Film de Thomas Bidegain et de Marc Fitoussi

Avec Elsa Zylberstein, Manu Payet, Blanche Gardin

 

Synopsis :  Dans un monde où la technologie numérique a envahi nos vies, certains d’entre nous finissent par craquer.
Addict ou technophobe, en famille ou à l’école, au travail ou dans les relations amoureuses, Selfie raconte les destins comiques et sauvages d’Homo Numericus au bord de la crise de nerfs…

 

Mon humble avis : Une comédie décapante, cynique à souhait, qui passe au vitriol notre société ultra connectée et évidemment ses dérives, ses excès, son ridicule...
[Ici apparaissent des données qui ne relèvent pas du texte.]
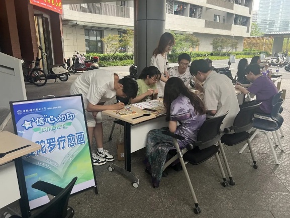现场气氛热烈,解绳大挑战让大家体会到合作的重要,曼陀罗绘画则带来内心的平静和治愈。参加活动的同学感慨到:“生活中的压力就像乱绳,只有沟通和配合,才可能慢慢解开。”心理嘉年华不仅带来了欢乐,更成为同学们自我关照和互助成长的温馨空间。
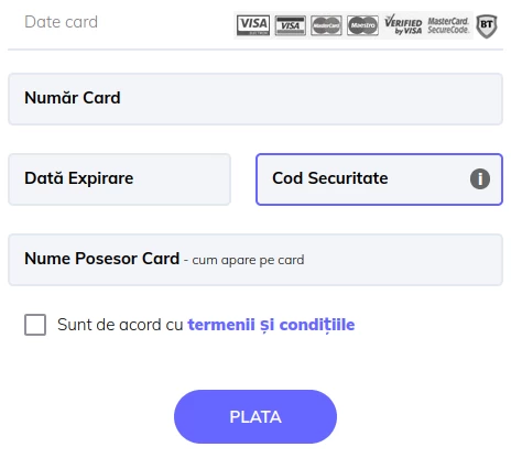 - След свързването на името на картата, системата автоматично ще пренасочи страницата към платежния процесор, където ще трябва да попълните данните на картата, която искате да запазите. Потвърждавате процедурата, като кликнете върху бутона ПЛАТИ.
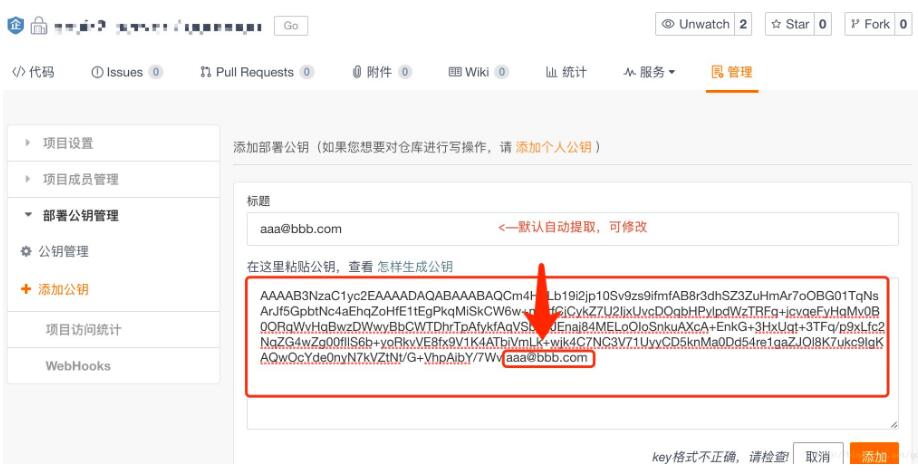 相對賬戶設(shè)置,大家比較熟悉,這里簡單描述一下項目的公鑰設(shè)置。登錄平臺->選擇項目->進(jìn)入“管理”->點(diǎn)擊左側(cè)的“公鑰管理”->點(diǎn)擊“添加部署公鑰”,將剛剛生成的公鑰填寫到“公鑰”欄,并為它起一個名稱,保存即可。
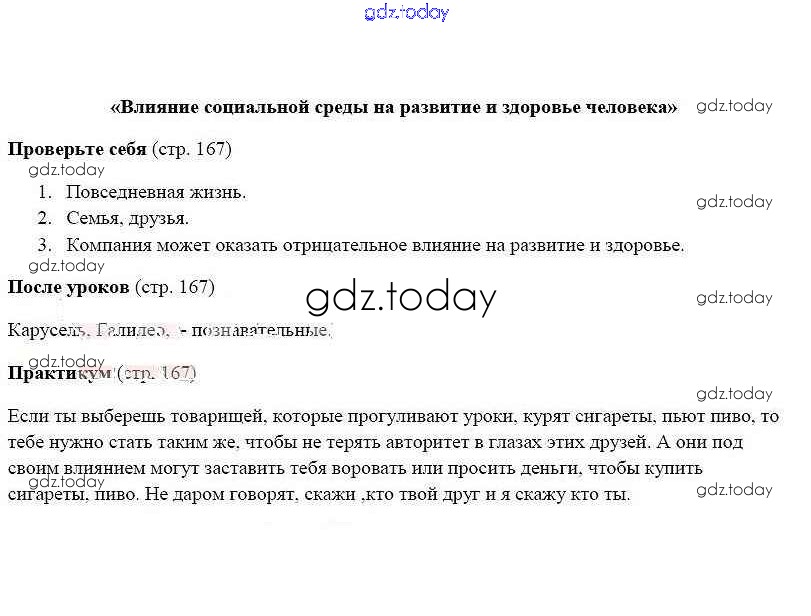 На страницах сайта gdz.today вы найдете учебный и вспомогательный материал, направленный на улучшения знаний школьной программы. ГДЗ - онлайн мир знаний Страницы (решение) 167 Учебнику по ОБЖ для 6 класса Смирнов, Хренников Просвещение 2018
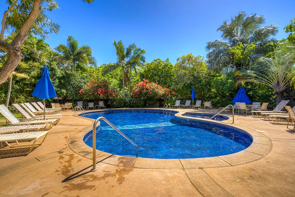 Waikomo Stream Villas, considered “a little gem of Poipu”, is situated on 3.9 acres of lush, tropical gardens. You will see why Kauai is named “The Garden Isle”. A smaller condominium complex, only 60 units, Waikomo is situated within walking distance of all of what is fantastic about the resort area of Poipu Beach: world class golf, amazing beaches, trails, restaurants, shopping, snorkeling and other water sports.
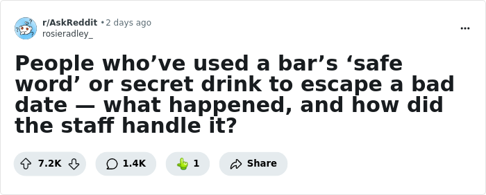 On today’s list, you will find plenty of examples of these safe words and secret drinks being used in actual situations, proving that they exist beyond theoretical discussions. All of these stories were shared by people online when someone on Reddit encouraged them to do so. And we’re glad they did—it’s not only interesting to read about, but it also shines a light on how important and useful such safety measures are.
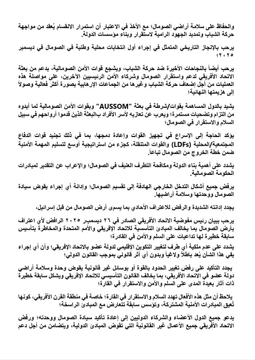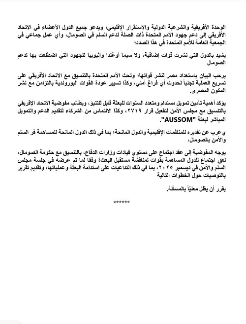 وقد تم اعتماد البيانين تحت الرئاسة المصرية للمجلس، فى انعكاس للدور الفاعل الذي تضطلع به مصر في دعم منظومة السلم والأمن الأفريقي، وحرصها على تعزيز التنسيق المشترك للتعامل مع الأزمات القائمة في القارة. وجدد المجلس التزامه بمواصلة متابعة تطورات الأوضاع في الصومال والسودان، وتفعيل الأدوات المتاحة للاتحاد الأفريقي لدعم مسارات الحلول السياسية والحفاظ على استقرار المنطقة.
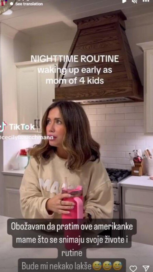 - Obožavam da pratim ove Amerikanke, mame, što snimaju svoje živote i rutine, bude mi nekako lakše.
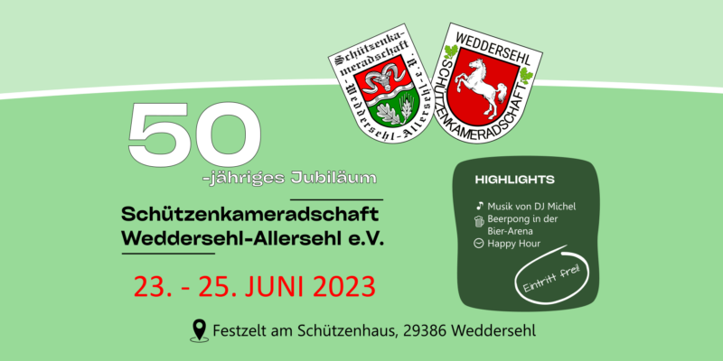 Die Schützenkameradschaft Weddersehl-Allersehl e.V. freut sich auf ihr 50-jähriges Jubiläum und möchte dieses vom 23. bis 25. Juni 2023, mit ihren Gästen, gebührend feiern. Kommt vorbei und feiert mit. Schützenfestablauf…
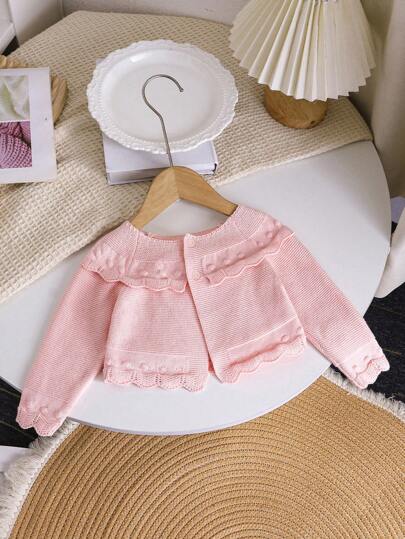 SHEIN 女宝宝时尚简约可爱荷叶边开衫毛衣,适合居家、外出和聚会 - 粉色 - 查看 1
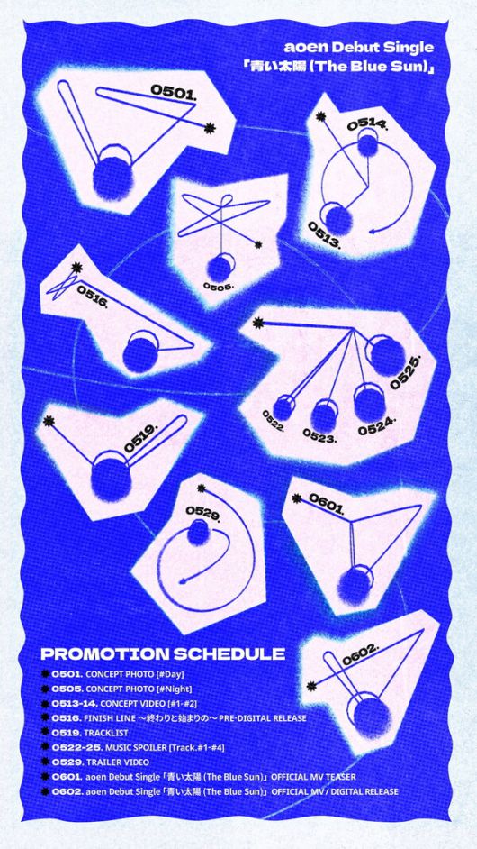 아오엔은 지난달 29일 팀 공식 SNS에 '프로모션 스케줄' 이미지를 게재했다. 이에 따르면 1일에 이어 5일 아오엔의 콘셉트 사진, 13~14일 콘셉트 비디오가 공개된다. 16일에는 아오엔의 탄생 과정을 담은 오디션 프로그램 시그널송 '피니시 라인 라스트 레이스, 뉴 스타트'의 음원이 발매된다. 이어 19일 데뷔 싱글 트랙리스트, 22~25일 음원 스포일러 콘텐츠, 29일 트레일러 비디오 등이 순차적으로 베일을 벗는다. 6월 2일에는 '더 블루 선' 뮤직비디오가 선공개되며 데뷔 열기에 불을 지핀다.

C'est caricaturé évidemment, mais si peu en fait, et hélas... Répliques et situations sont truculentes. Seule la fin m'a un peu semblé partir à vau l'eau, c'est le cas de le dire. Mais pas bien grave, le message est largement passé !

Cinq histoires se suivent et s'entrelacent et certains personnages sont présents dans différents actes, un peu comme un fil conducteur, ou une patate chaude !

C'est l'histoire avec Elsa Zylberstein qui m'a le plus plu, car les personnages principaux y sont beaucoup plus subtils qu'en apparence.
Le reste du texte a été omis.